シバ神

徐々に出来上がっていくシバ神を眺めながら、テープレコーダーから流れてくる音楽に、しばし耳を傾ける。音のうねりは智の感覚神経をその絵だけに集中させる。そしてしばらくすると、思いついたように再び描き始める。そんな作業を延々と繰り返していった。そして日が暮れ始める頃には、ほぼ、その全体像ができ上がっていた。

微笑みながら踊るシバ神は、真っ直ぐに智の方を見つめていた。腰に巻いた腰布から無数の視線が智を見つめている。更に智は、その背後に般若心経の一節を漢字で書き加えていった。

色不異空、空不異色、色即是空、空即是色、受想行色、亦不如是、………

インドに入ったばかりの頃バラナシで出会った旅行者に教わった般若心経を、メモを見ながら書いていった。書き終えると、自分で描いたその絵にある種の満足を智は見い出した。
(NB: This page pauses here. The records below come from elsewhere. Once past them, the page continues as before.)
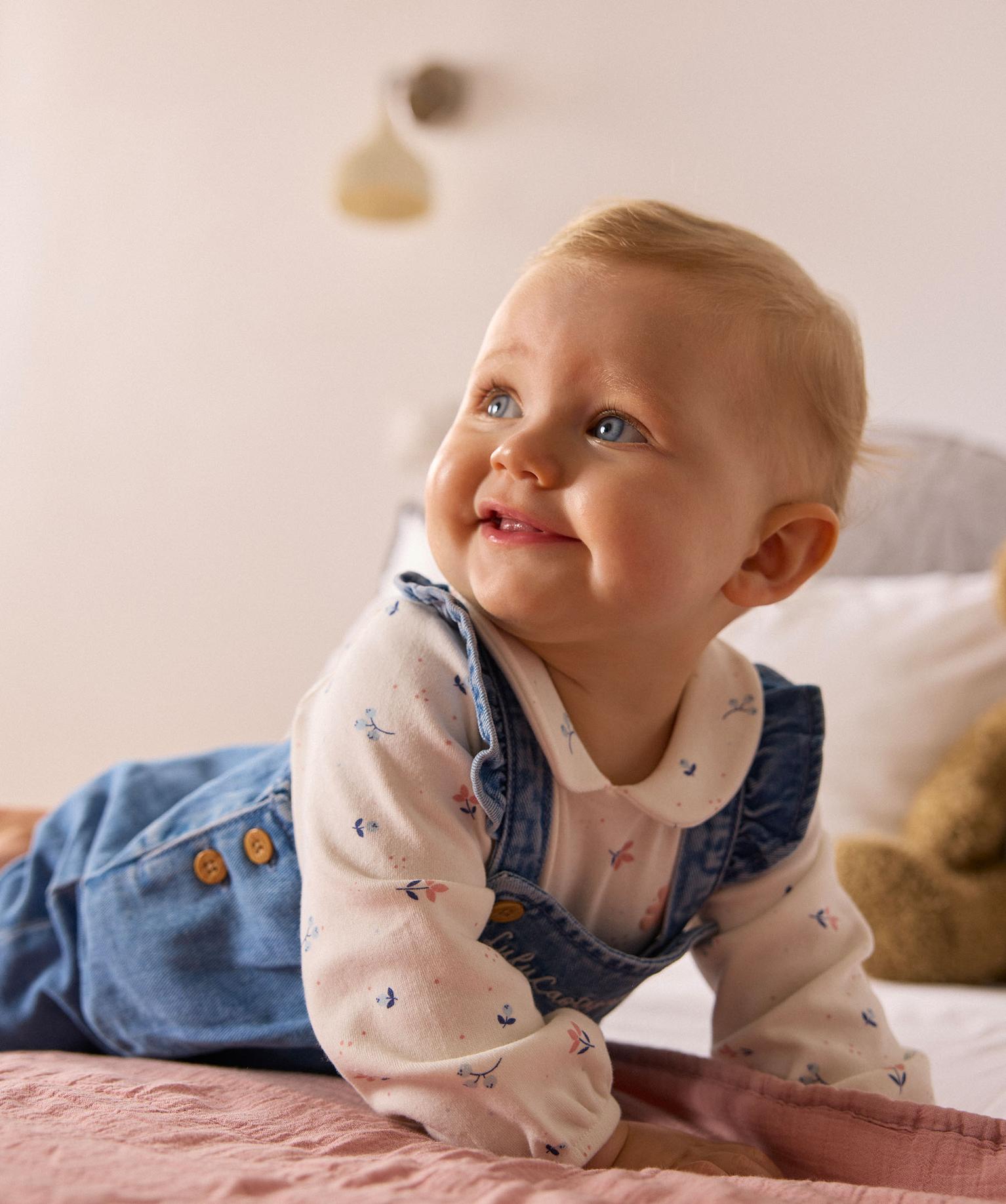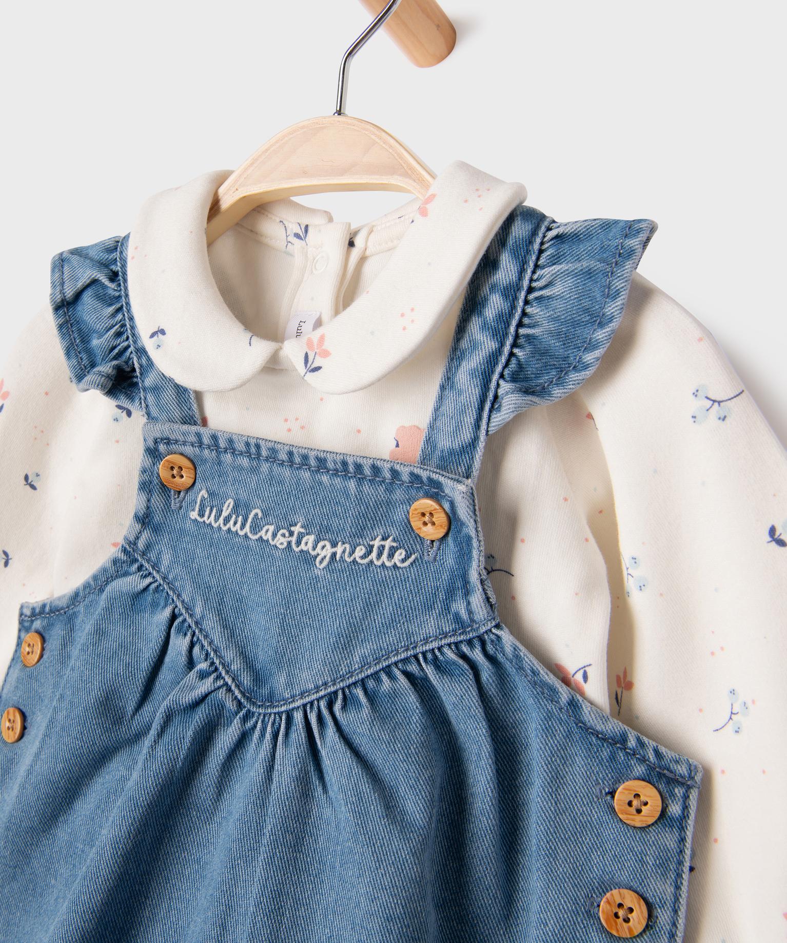 Craquez pour cet ensemble 2 pièces bébé fille signé LuluCastagnette, plein de charme et de praticité. Il se compose d’une salopette en jean adorable, avec entrejambe pressionné, chevilles élastiquées, bretelles volantées réglables, plastron froncé et brodé “LuluCastagnette”, ainsi que des boutons sur les hanches pour un habillage facile. Le body manches longues élastiquées à col claudine complète joliment la tenue avec son imprimé fleuri délicat et ses pressions au dos et à l’entrejambe. Un look tendre et confortable au quotidien.
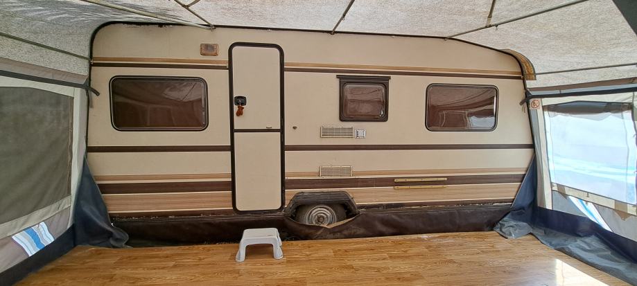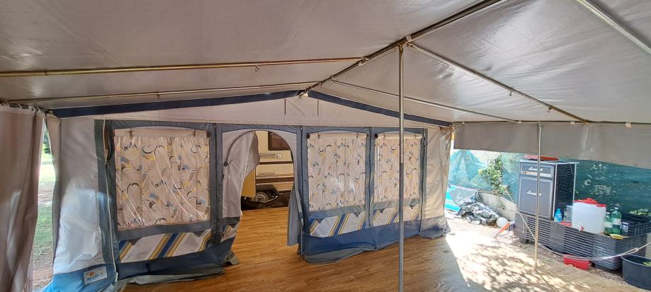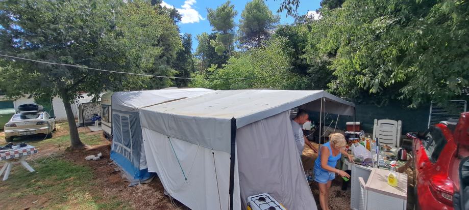 Uz kampicu dolazi puno dodatne opreme koja se vidi na fotografijama i videu. Predšator(2500cm.) i tenda(3000cm.) stari tri godine, očuvano kao novo, klima 2500w. stara tri godine, stolovi, stolice, dva frižidera, ležaljke, madraci. Ima osigurano mjesto, za paušal na 5mj. 25.04. – 12.10.2025. za 3.241,00eur.
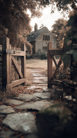 A wooden gate opens to a quiet pathway surrounded by stone walls and lush greenery, leading to a cozy cottage. The warm light of sunset enhances the peaceful atmosphere.
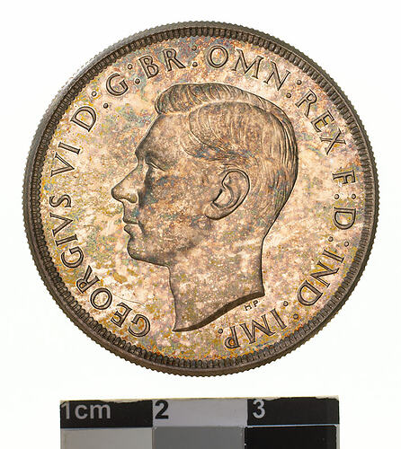 A silver coin (38 mm diameter with milled edge) featuring a bare head of George VI facing left; around, GEORGIVS VI D: G: BR: OMN: REX F: D: IND: IMP: ; below the head in small lettering the artist's initials HP. The reverse features the Imperial crown with the date 1937 below; around above, COMMONWEALTH OF AUSTRALIA; around below, . ONE CROWN . The artist's initials K.G are in small letters in the field at the bottom right of the crown.
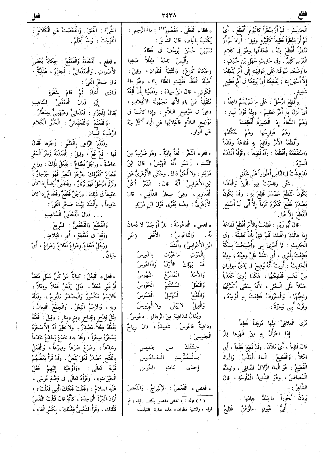 ( فعس ) الفاعُوسة نار أَو جمر لا دُخان له والفاعُوس الأَفْعَى عن ابن الأَعرابي وأَنشد بالمَوْتِ ما عَيَّرْت يا لَمِيسُ قد يُهْلَك الأَرْقَمُ والفاعُوسُ والأَسَدُ المُذَرَّعُ النَّهُوسُ والبَطَلُ المُسْتَلْئِمُ الحَووسُ واللَّعْلَعُ المُهْتَبِلُ العَسُوسُ والفِيلُ لا يَبقَى ولا الهِرْمِيسُ ويقال للداهية من الرجال فاعُوس وداهية فاعُوس شديدة قال رِياح الجَدِيسِي جِئْتُكَ من جَدِيسِ بالمُؤْيِدِ الفاعُوسِ إِحْدَى بَناتِ الحُوسِ ( فعص ) الفَعْصُ الانفراجُ وانْفَعَص الشيء انْفَتَق وانفَعَصْت عن الكلام انفرجت واللّه أَعلم ( فعفع ) الفَعْفَعةُ والفَعْفَعُ حكاية بعض الأَصوات والفَعْفَعانيُّ الجازِرُ هُذَلِيَّة قال صخر الغيّ فَنادَى أَخاه ثم قَامَ بِشَفْرةٍ إِليه فَعَالَ الفَعْفَعِيِّ المُناهِبِ يقال للجَزَّارِ فَعْفَعانيٌّ وهَبْهَبيٌّ وسَطَّارٌ والفَعْفَعُ والفَعْفَعانيُّ الحُلْو الكلامِ الرطْبُ اللسان وفَعْفَعَ الرَّاعي بالغنم زجَرَها فقال لها فَعْ فَعْ وقيل الفَعْفَعةُ زجر المعز خاصَّة ورجل فَعْفاعٌ يفعل ذلك وراعٍ فَعفَاعٌ كقولك جَرجَرَ البعيرُ فهو جَرْجارٌ وثَرْثَرَ الرجلُ فهو ثَرْثَارٌ وفَعْفَعِيٌّ أَيضاً إِذا كان خفيفاً في ذلك ورجل فَعْفَعٌ وفَعْفاعٌ إِذا كان خفيفاً وأَنشد بيت صخر الغي فَعالَ الفَعْفَعِيُّ المُناهِبِ والفَعْفَعُ والفَعْفَعِيُّ السريع ووقع في فَعْفَعةٍ أَي اختلاطٍ ورجل فَعْفاعٌ وعْواعٌ لَعْلاعٌ رَعْراعٌ أَي جبان ( فعل ) الفِعل كناية عن كل عمل متعدٍّ أَو غير متعدٍّ فَعَل يَفْعَل فَعْلاً وفِعْلاً فالاسم مكسور والمصدر مفتوح وفَعَله وبه والاسم الفِعْل والجمع الفِعال مثل قِدْح وقِداح وبِئر وبِئار وقيل فَعَله يَفْعَله فِعْلاً مصدر ولا نظير له إِلا سَحَره يَسْحَره سِحْراً وقد جاء خَدَع يَخْدَع خَدْعاً وخِدْعاً وصَرَع صَرْعاً وصِرْعاً والفَعْل بالفتح مصدر فَعَل يَفْعَل وقد قرأَ بعضهم وأَوحينا إِليهم فَعْلَ الخيرات وقوله تعالى في قصة موسى عليه السلام وفَعَلْتَ فَعْلَتَك التي فَعَلْت أَراد المرة الواحدة كأَنه قال قَتَلْت النفس قَتْلَتَك وقرأَ الشعبي فِعْلَتَك بكسر الفاء
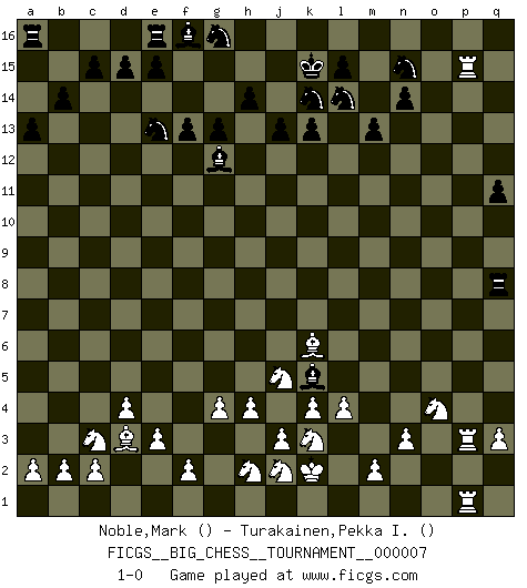 Last move : 1-0 2007 August 13 3:26:47 [Event "FICGS__BIG_CHESS__TOURNAMENT__000007"] [Site "FICGS"] [Date "2007.05.17"] [Round "1"] [White "Noble,Mark"] [Black "Turakainen,Pekka I."] [Result "1-0"] [WhiteElo ""] [BlackElo ""] 1.g2-g4 a15-a13 2.n2-n3 b15-b14 3.h1-c6 b16-c14 4.o1-g8 p16-o14 5.g8-o15 n15-n14 6.d2-d4 o16-m14 7.c1-p13 m16-o16 8.p13-o14 o16-o15 9.o14-j9 o15-o2 10.p1-q3 o2-p2 11.m1-p1 p2-p1 12.q1-p1 q16-o16 13.j9-p15 o16-o13 14.q3-o4 o13-c13 15.c6-e4 g15-g13 16.e2-e3 h16-e13 17.e4-e13 c14-e13 18.f1-d3 q15-q13 19.k2-k4 q13-q12 20.l1-k2 m14-p11 21.h3-h4 k16-l14 22.p15-h8 c13-c8 23.k2-m4 c16-a14 24.b1-c3 j14-j13 25.g1-h3 m15-m13 26.h3-j5 f15-f13 27.h8-k6 p11-k6 28.m4-k6 q12-q11 29.h2-k3 c8-q8 30.q2-q3 k15-k13 31.k1-h2 l16-g12 32.j1-k2 j16-k15 33.p1-p15 j15-l16 34.e1-p1 l16-n15 35.p1-p3 h15-k14 36.a1-p1 a14-k5 37.l2-l4 1-0 This big chess game has been lost on time (started : 2007.05.17 21:10:36) Follow this game move after move (download)For surely of all the drugs in the world, Chess must be the most permanently pleasurable. (Assiac) Die westlichen Werte sind eine Sprache, welche die Putin-Administration nicht versteht. (Garry Kasparov) El Ajedrez se juega con la mente... ¡no con las manos!. (Renaud y Kahn) La conception d'un plan est le processus par lequel un joueur exploite les avantages de sa position tout en s'efforçant d'en réduire au minimum les inconvénients. Afin de garantir le succès, un plan doit toujours se fonder sur un diagnostic objectif des particularités d'une position. La conception d'un plan est d'autant plus difficile que la position est équilibrée, et grandement facilitée lorsqu'il n'existe qu'un seul plan susceptible de répondre aux exigences de la position. (Harry Golombek) Man is still the most extraordinary computer of all. (John F. Kennedy)
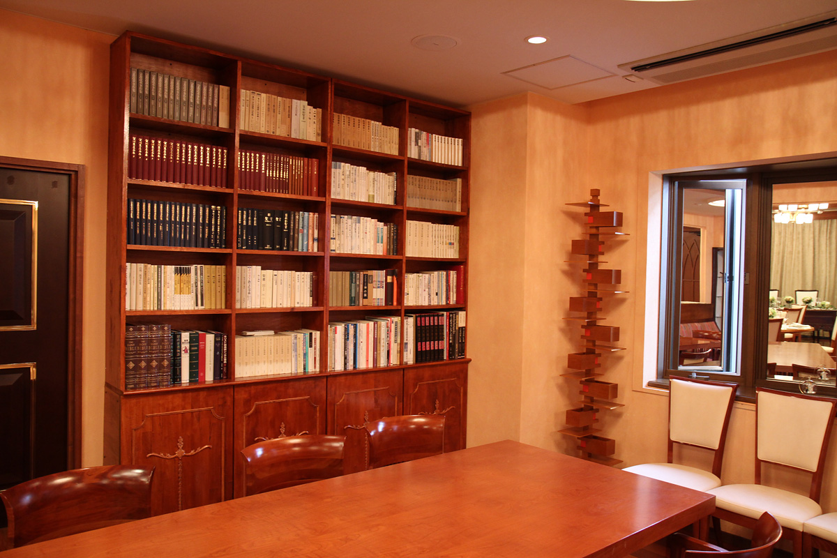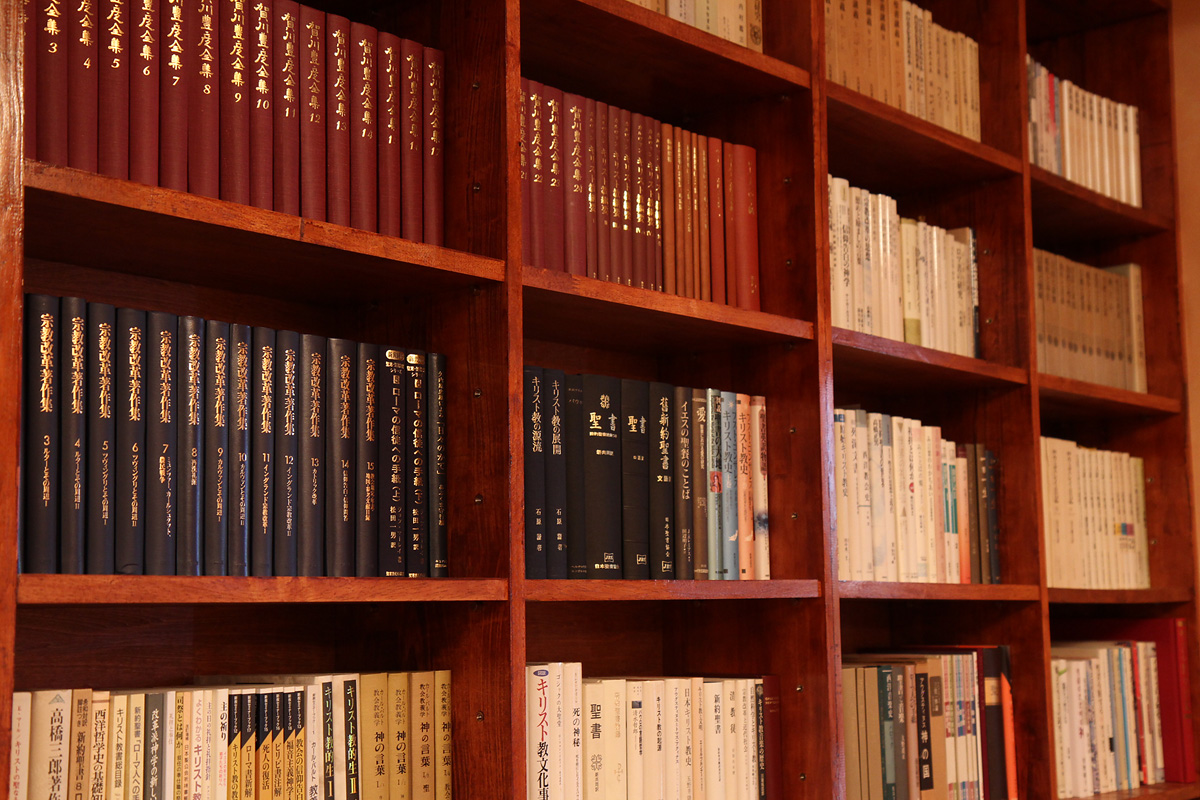 教会関係の書籍を集めた図書室は、講演会や集会にも使えるようゆったりと造られています。毎週月曜日のバイブルクラスもここで開かれています。
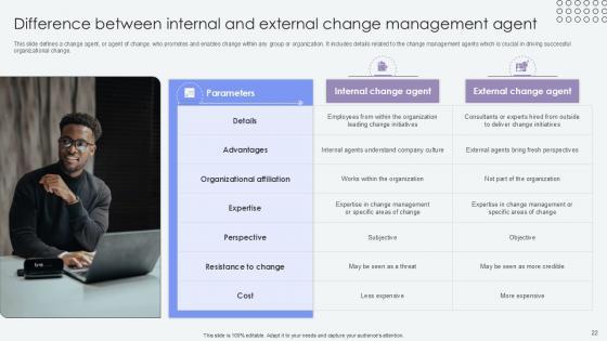 This slide defines a change agent, or agent of change, who promotes and enables change within any group or organization. It includes details related to the change management agents which is crucial in driving successful organizational change. Find highly impressive Difference Between Internal And External Agents Of Change Pioneers PPT Template CM SS V on Slidegeeks to deliver a meaningful presentation. You can save an ample amount of time using these presentation templates. No need to worry to prepare everything from scratch because Slidegeeks experts have already done a huge research and work for you. You need to download Difference Between Internal And External Agents Of Change Pioneers PPT Template CM SS V for your upcoming presentation. All the presentation templates are 100 percent editable and you can change the color and personalize the content accordingly. Download now This slide defines a change agent, or agent of change, who promotes and enables change within any group or organization. It includes details related to the change management agents which is crucial in driving successful organizational change.

そして自分の眉間に指先を当て、更にそれをシバ神の額に当てて祈る動作をした。そして智は香を焚いてプジャーの形式をとった。香の煙の立ち上る中、絵の前に座って瞬きもせずに智はじっとそれを眺め続けていた。

部屋の中には西日が差し込んでくる。光は、煙の姿を空中に顕在化させ、その存在を強調する。影は、一切の物質を曖昧に闇の中に塗り込める。智の周りの風景は、存在と非存在の微妙なコントラストの上に成り立っていた。智の目の前の扉の存在など、今の智にとってはまるで無意味だった。それが存在していようがしていまいが智にとって大した差は無く、想像力の中の景色だけが今の智にとって全てであった。その対象に触れることができようができまいが、智のイマジネイションの中の世界では確かに存在していた。今の智が過去の思い出と同居することができている理由はそれであった。智は、今、過ぎ去った思い出の数々を目の前に無数に現出させることが可能であり、更にその世界に現実の自分を存在させることも可能であった。智は、未来すらもその手中に収めているような万能感に浸っていた。時間という概念など状況を区切っていくだけの無意味な目盛りに過ぎなかった。

智は、おもむろに立ち上がり、服を脱ぎ始める。Tシャツを脱ぐとそれから汗が滴り落ちた。Tシャツの布地は、もうそれ以上水分を吸い込むことができないくらいに濡れていた。見ると、智の体は、まるで水を被ったように汗を噴き出している。ジーンズも下着も同じように濡れていた。今までそれに全く気が付かなかったことに智は驚きを覚えた。

智は、服を全部脱いで素裸になると、静かに目を閉じた。そして音楽に合わせてシバ神の前で踊り始めた。絵の前で智は荒々しく踊った。そうすることによって、自分の中の霊的なエネルギーを絵の中に封じ込めることができるような気がしたからだ。裸で踊る智の前で、シバ神は薄らと微笑みを浮かべている。激しく体を揺さぶると、智の下半身はいつの間にか猛々しくいきり立っていた。針のような感覚が脳髄を貫き、智は床に倒れ込む。